Baking bread with Poolish is a great way to improve both taste and texture. The longer fermentation time enhance flavor and gives a nice crust.
5 from 16 votes
Cuisine Bread
Servings 1 loaf

Ingredients
  

Poolish

  • 150 gram Wheat flour (bread flour) with 11.5% protein content.
  • 150 gram water
  • 1 gram fresh yeast or 0.3 gram instant dry yeast, or 0.5 gram dry active yeast

Final dough

  • 285 gram Wheat flour (bread flour) with 11.5% protein content
  • 165 gram water
  • 9 gram salt

Instructions
 

Mixing Poolish

  • Dissolve the yeast in the water, add the flour, and mix into a homogenous batter.
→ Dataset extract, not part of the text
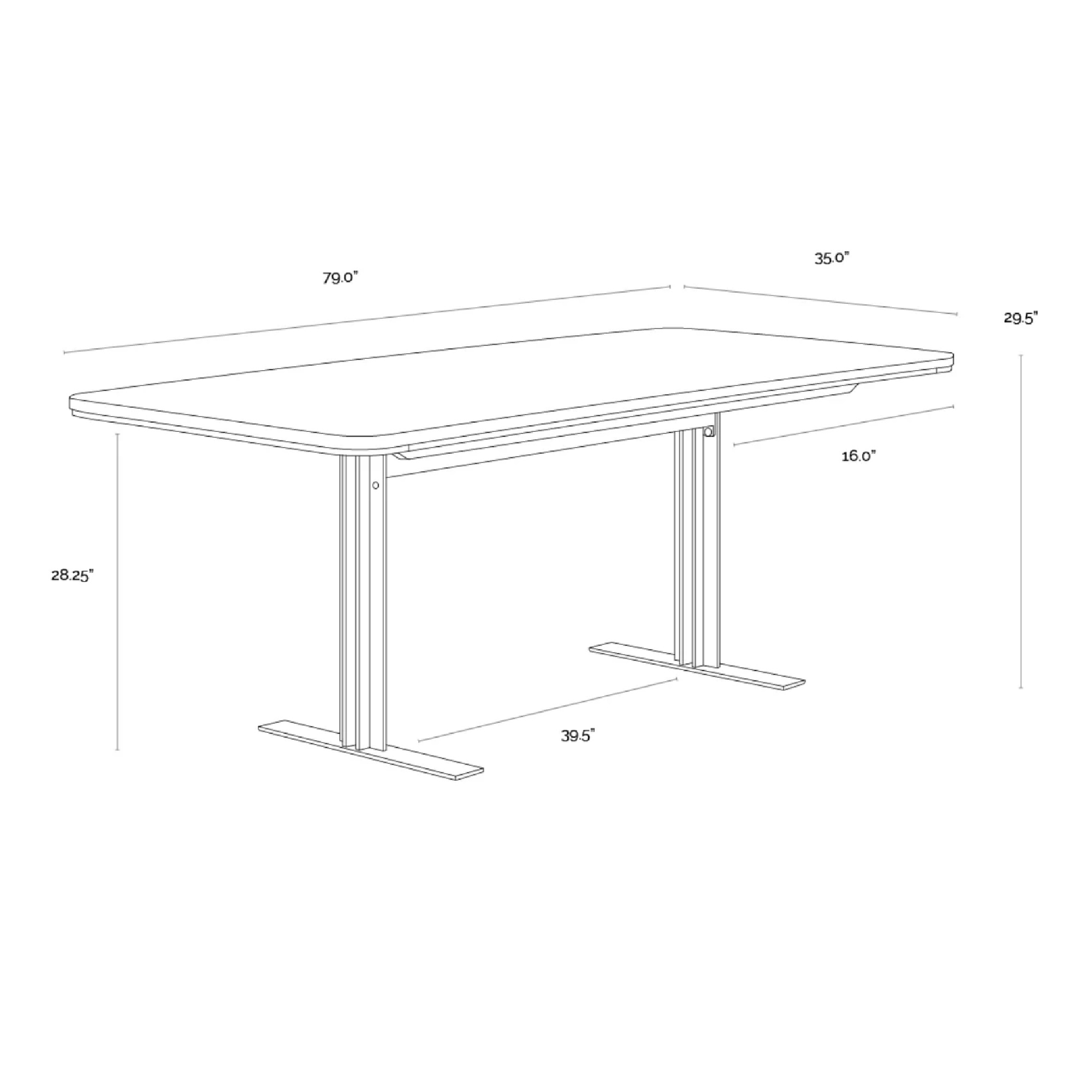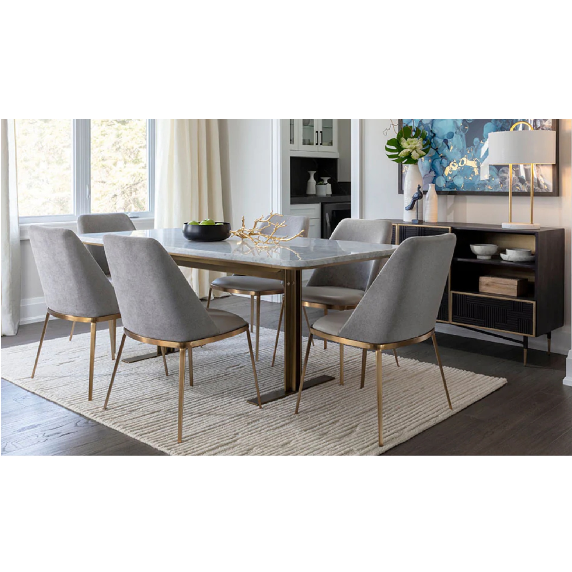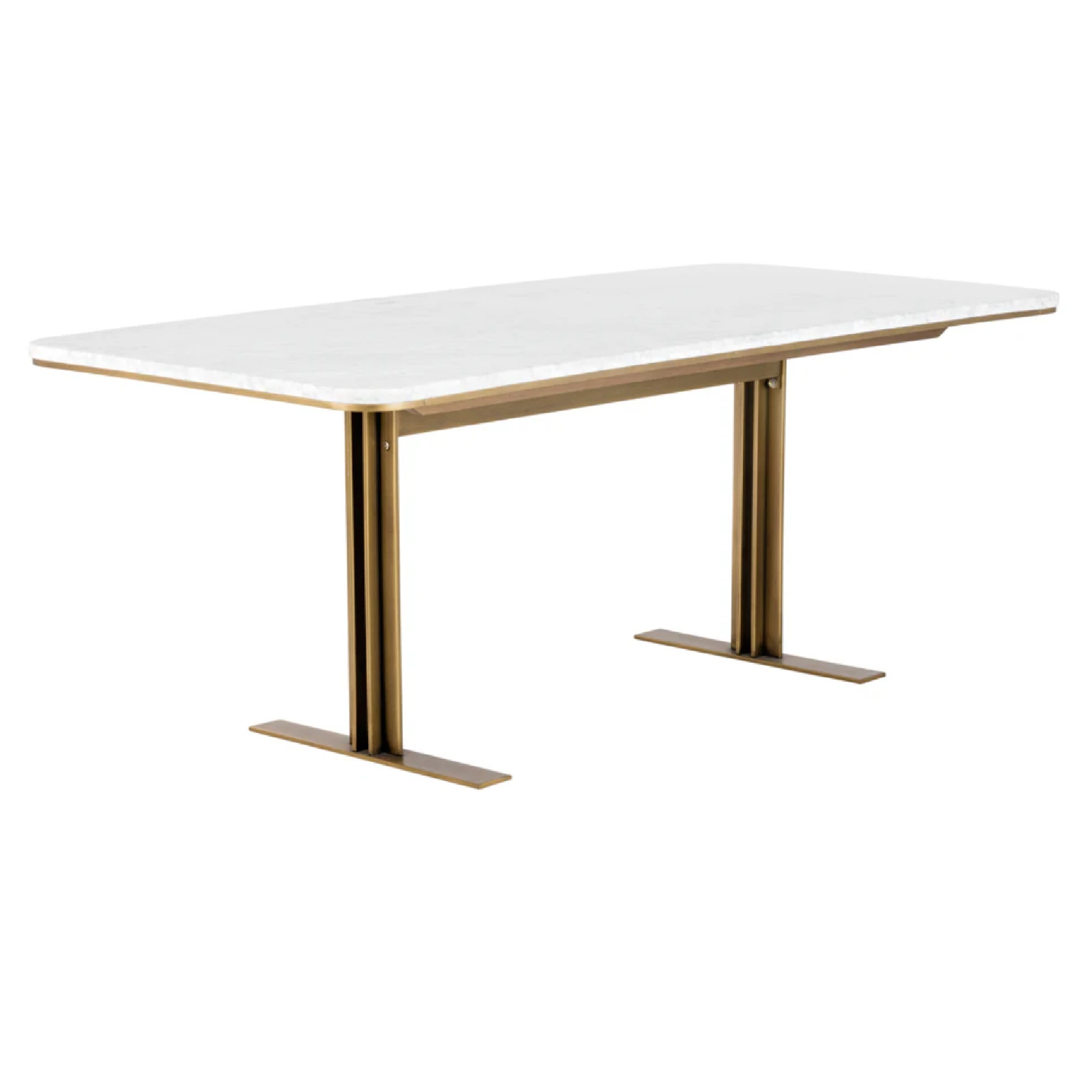 White marble top featuring rounded edges and a contemporary antique brass t-frame base.

Place the container with the Poolish covered in room temperature for about 8-10 hours.

Final dough

  • Heat up the remaining water to 86°F/30°C. Add poolish, flour, and salt and mix with your hands until all flour is incorporated with the water.
  • Let the dough ferment for 2 to3 hours. Perform 3 -4 stretch and folds at the beginning of the fermentation process. The dough should expand twice it's original volume.
  • Dump out the dough on a lightly floured working surface and shape it into a round. Let it relax for 15 minutes. Shape the dough a second time into a Batard or other preferred shape. Place it into a floured proofing basket and wrap it in a plastic bag.
  • Let it proof for 1 hour or until it passes the finger poke test.

Baking

  • Pre-heat the oven to 480ºF / 250ºC. together with a Dutch, clay cooker, or baking stone in good time before it's time to bake, at least 30 minutes. If you are baking on a stone or a baking sheet, place an extra sheet in the lower part of the oven.
  • Dump out the dough very carefully on a piece of parchment paper. Place the dough and parchment paper into the Dutch oven And transfer it into the hot oven. If you are baking on a baking stone or baking sheet you just let the dough and parchment paper slide into the oven, using a pizza peel or similar. Pour some water on the extra baking sheet below the dough to create steam. NEVER pour water directly onto the bottom of the oven.
  • Bake for 40 to 50 minutes or until at least medium dark brown. If you use a dutch oven or a clay cooker, remove the lid after 30 minutes. Let the bread cool on wire racks for an hour before slicing it.